## Task brief
The full listing is to be transcribed exactly, with each picture left out.

## Collected material
....................

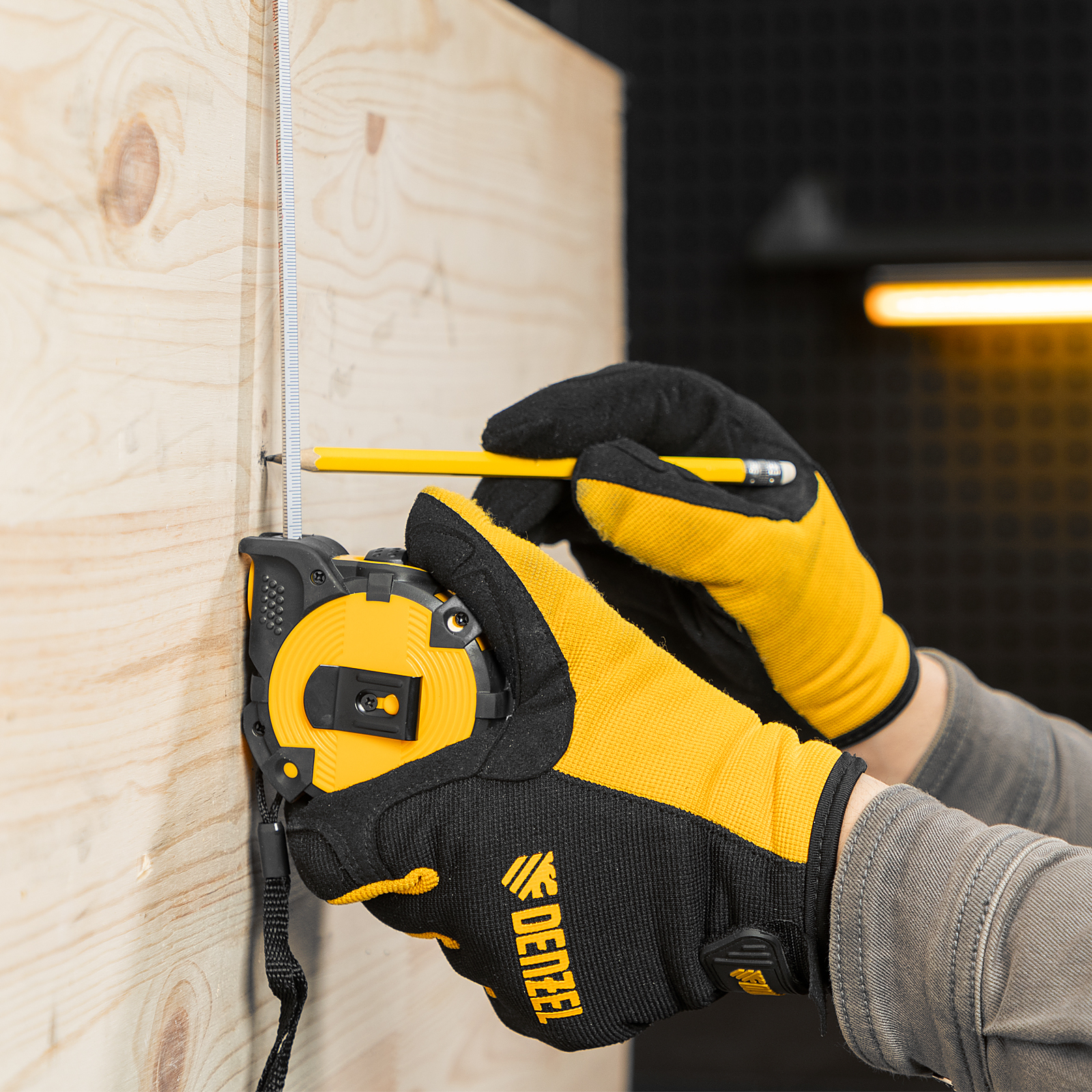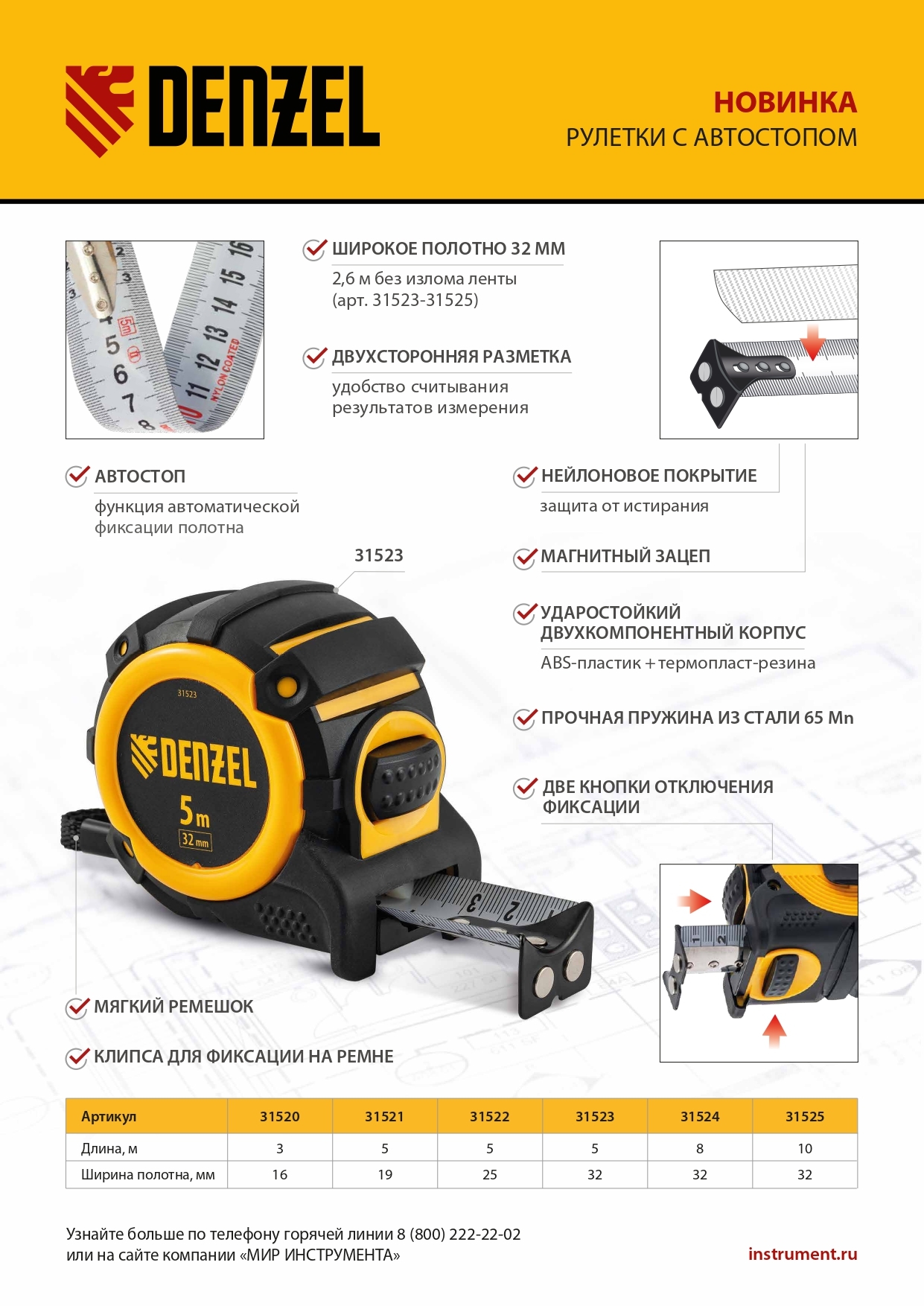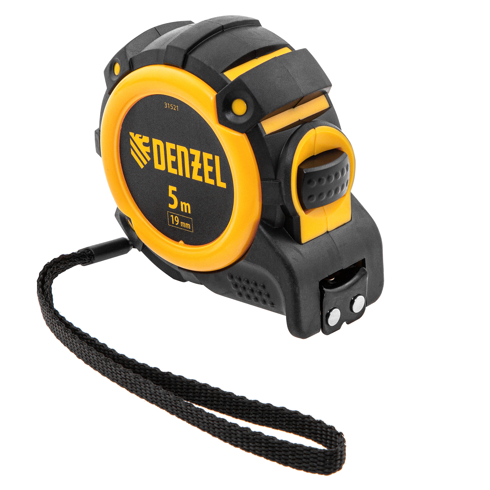Рулетка 5м х 19мм, автоматич. фиксац., нейлон. покрытие, магнит. зацеп, двухстор. разметка Denzel
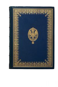 In-4° piccolo (mm 210x150). Pagine [4], xv, [5], 314, [4]. Legatura coeva in pieno marocchino blu con cornici di triplici filetti concentrici ai piatti (due lisce e una a pizzo) e al centro del piatto anteriore aquila araldica con scudo sabaudo entro collare dell'Ordine supremo della Santissima Annunziata, il tutto impresso in oro. Tagli dorati, sguardie in carta decorata e piccoli fregi in oro al dorso a 5 nervetti. Al contropiatto anteriore ex-libris di Vittorio Emanuele III. Si vendono come legatura.
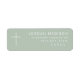 Modern, light sage green return address labels with your name and address in a modern sans serif font, and a simple, elegant Christian cross. You can change the background and font colour to any custom colour with the customisation tool.
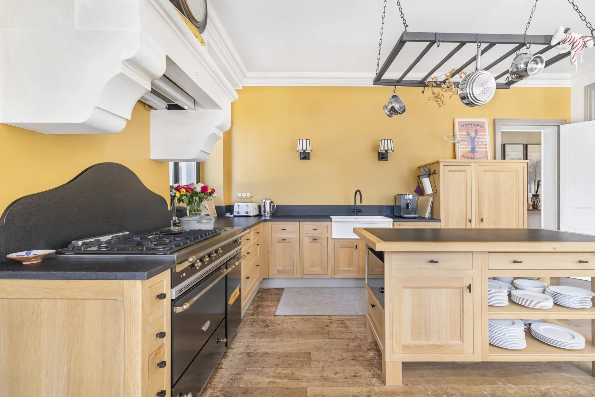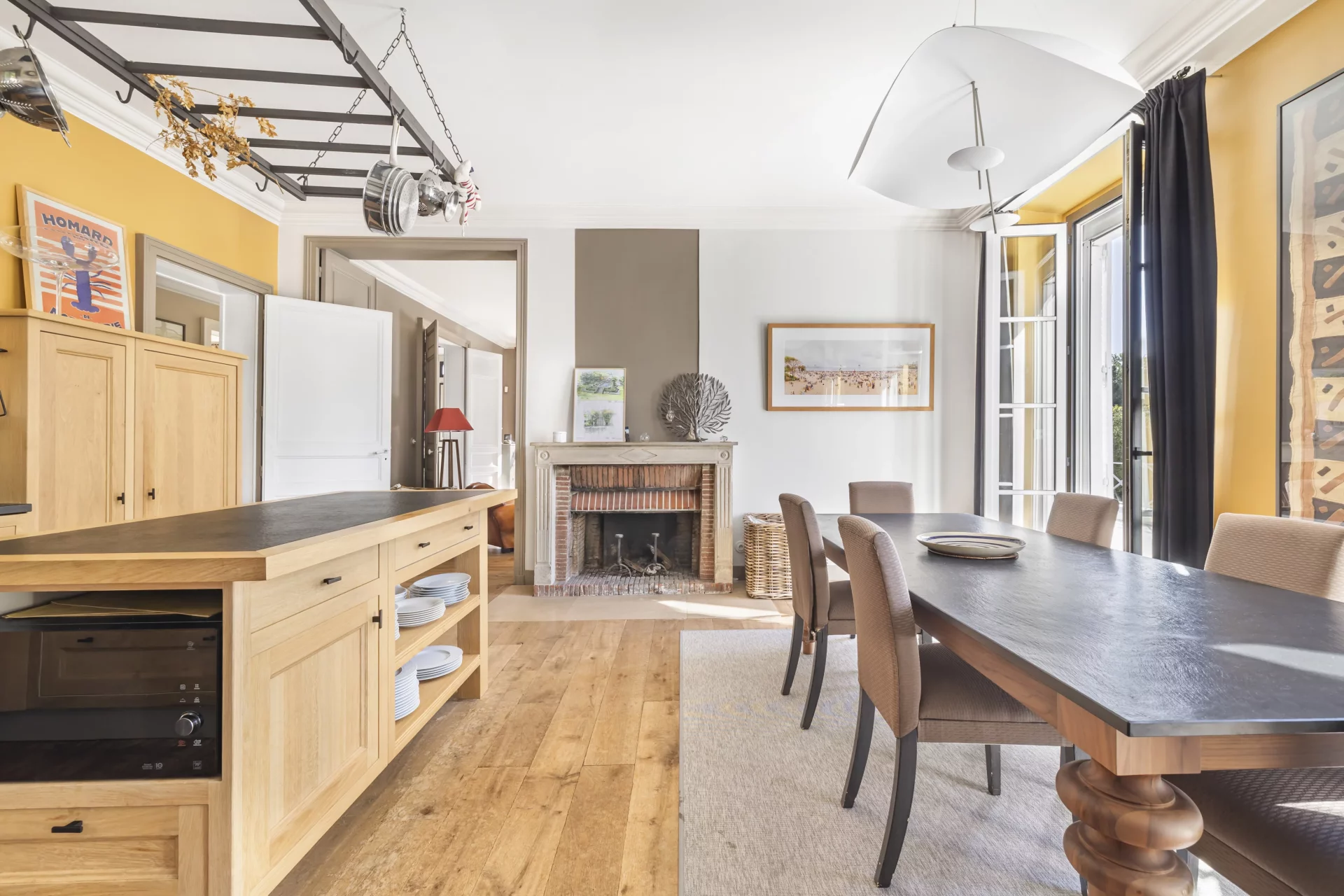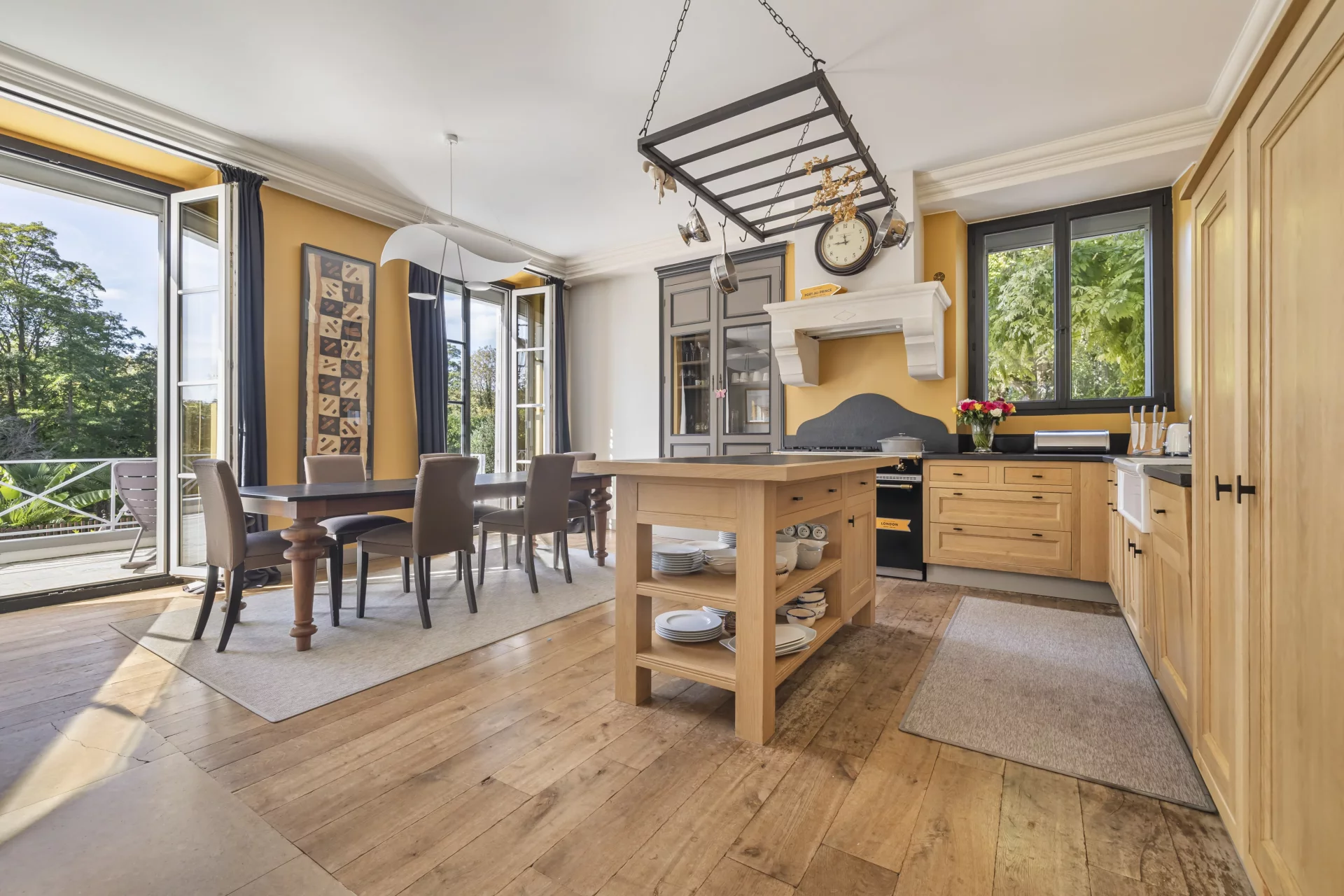 Dès l’entrée, la maison séduit par la fluidité de ses volumes et la douceur de ses atmosphères. La cuisine, dessinée sur mesure en bois clair et pierre naturelle, s’inscrit dans une tonalité apaisante, à la fois contemporaine et intemporelle. La salle à manger attenante prolonge la lumière vers le salon, où les matériaux nobles – parquet ancien, menuiseries fines, teintes minérales – composent un décor sobre et élégant. À

....................

## Response box
Рулетка 5м х 19мм, автоматич. фиксац., нейлон. покрытие, магнит. зацеп, двухстор. разметка Denzel
 In-4° piccolo (mm 210x150). Pagine [4], xv, [5], 314, [4]. Legatura coeva in pieno marocchino blu con cornici di triplici filetti concentrici ai piatti (due lisce e una a pizzo) e al centro del piatto anteriore aquila araldica con scudo sabaudo entro collare dell'Ordine supremo della Santissima Annunziata, il tutto impresso in oro. Tagli dorati, sguardie in carta decorata e piccoli fregi in oro al dorso a 5 nervetti. Al contropiatto anteriore ex-libris di Vittorio Emanuele III. Si vendono come legatura.
 Modern, light sage green return address labels with your name and address in a modern sans serif font, and a simple, elegant Christian cross. You can change the background and font colour to any custom colour with the customisation tool.
 Dès l’entrée, la maison séduit par la fluidité de ses volumes et la douceur de ses atmosphères. La cuisine, dessinée sur mesure en bois clair et pierre naturelle, s’inscrit dans une tonalité apaisante, à la fois contemporaine et intemporelle. La salle à manger attenante prolonge la lumière vers le salon, où les matériaux nobles – parquet ancien, menuiseries fines, teintes minérales – composent un décor sobre et élégant. À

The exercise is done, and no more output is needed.